Adaptive debiased SGD in high-dimensional GLMs with streaming data
Published in to submit, 2023
Recommended citation: Han, R., Luo, L., Luo, Y., Lin, Y., & Huang, J. (2023). Adaptive debiased SGD in high-dimensional GLMs with streaming data. To submit.
Online statistical inference facilitates real-time analysis of sequentially collected data, making it different from traditional methods that rely on static datasets. This paper introduces a novel approach to online inference in high-dimensional generalized linear models, where we update regression coefficient estimates and their standard errors upon each new data arrival. In contrast to existing methods that either require full dataset access or large-dimensional summary statistics storage, our method operates in a single-pass mode, significantly reducing both time and space complexity.

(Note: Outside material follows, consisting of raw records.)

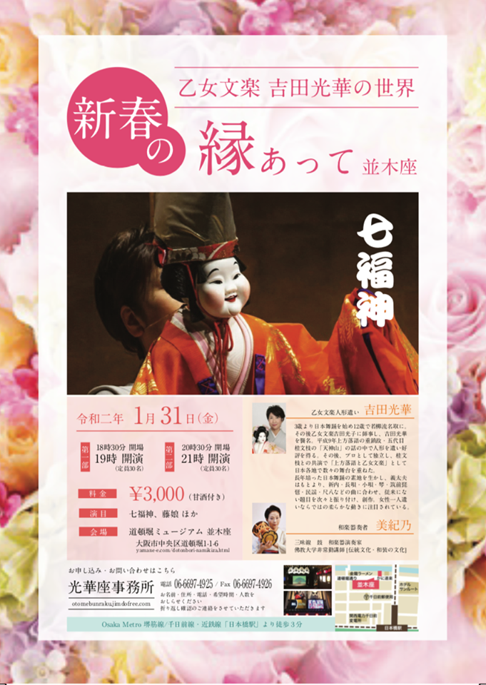 | コロナ禍で人が居なくなった道頓堀を元気づけるため 野澤松也師匠と毎月開催してきました 道頓堀賑やかし浄瑠璃ライブ 1/28(金)は中止。2/28(月)15時、18時は入場無料・投げ銭歓迎スタイルで催行します!ので、お楽しみにお願い申し上げます。 | ||||||||||
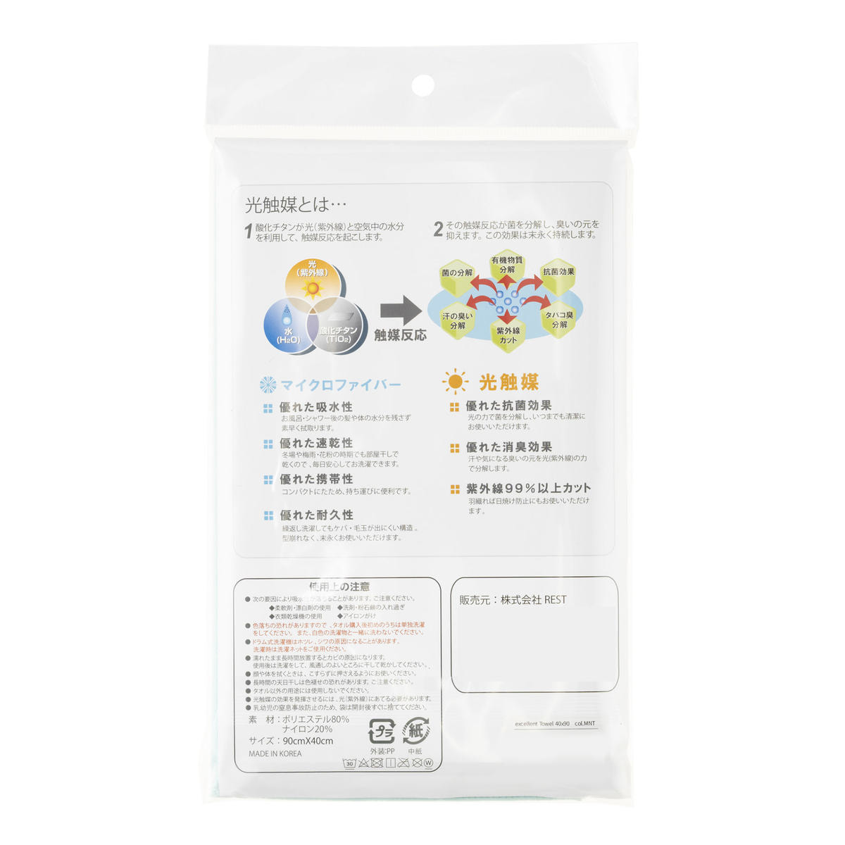 「エクセレントタオル」は、抜群の吸水性をもつマイクロファイバーに光触媒加工を施したタオルです。
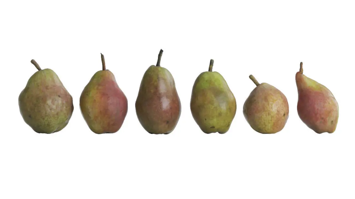 Photorealistic, high-quality and accurate 3d model of organic pears in large terracotta bowl from H&M home based on photogrammetry scanned high poly geometry.
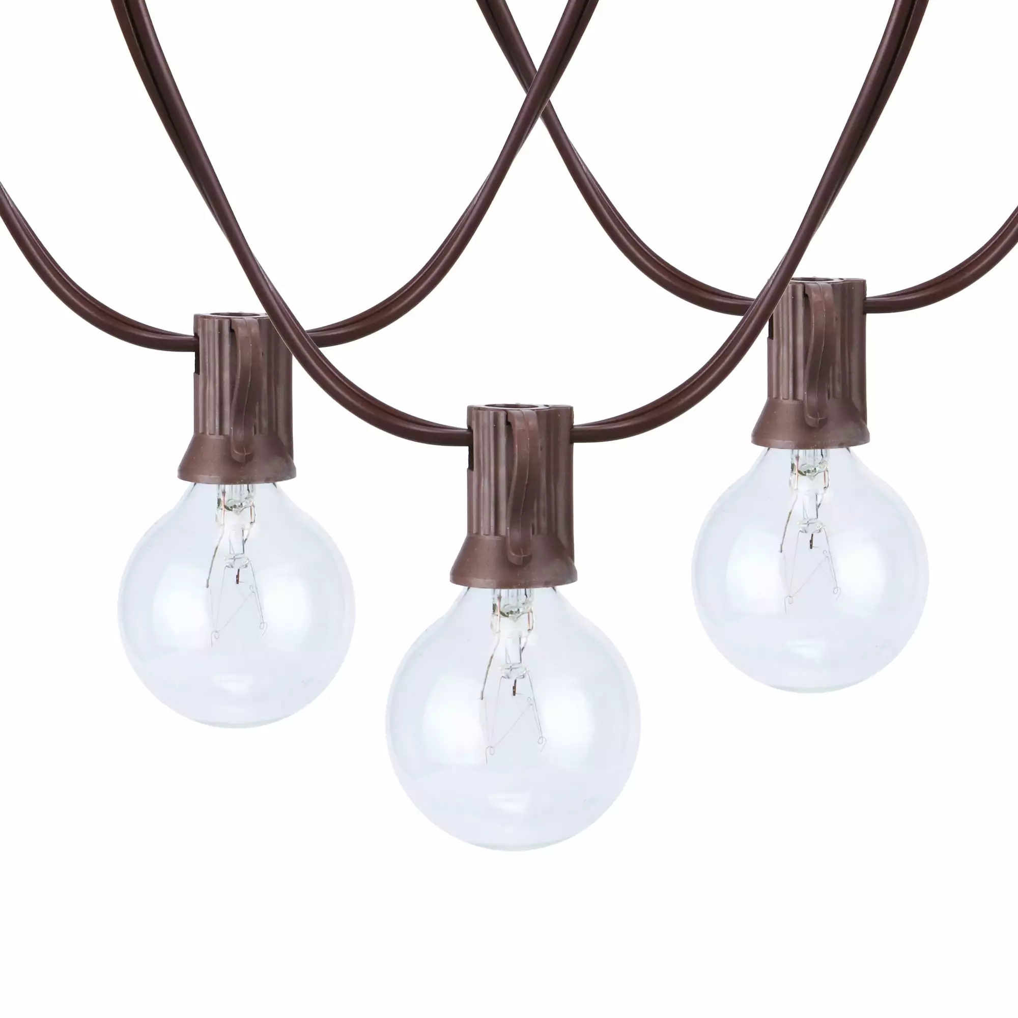 Better Homes & Gardens 18.7 feet 20 Count G40 Clear Glass Globe Bulbs Brown Wire String Lights for Outdoor and Indoor Use Illuminate a backyard with Better Homes & Gardens 20 Count G40 Clear Glass Globe Bulbs Brown Wire String Lights. With Clear G40 Glass Globe Bulbs. they produce a soft warm white light that helps enhance most decor. Set them up on a patio or in a garden for relaxing at night. Thanks to a versatile construction. These outdoor decor string lights also works inside the home. The string measures 20ft (6.1m) in total length. 18.7ft (5.7m) in lighted length and has 20 count G40 glass incandescent bulbs with 2 spare bulbs attached. it can connect up to 3 sets for a lighted length 58.7ft (17.9m). There are small hanger on each lamp holder. very easy to hanging anywhere of your house. This string light is UL listed to help ensure safety during use.

The core of our methodological innovation lies in an adaptive stochastic gradient descent algorithm tailored for dynamic objective functions, coupled with a novel online debiasing procedure. This allows us to maintain low-dimensional summary statistics while effectively controlling optimization errors introduced by the dynamically changing loss functions. We demonstrate that our method, termed the Approximated Debiased Lasso (ADL), not only mitigates the need for the bounded individual probability condition but also significantly improves numerical performance. Numerical experiments demonstrate that the proposed ADL method consistently exhibits robust performance across various covariance matrix structures.
The software is under construction.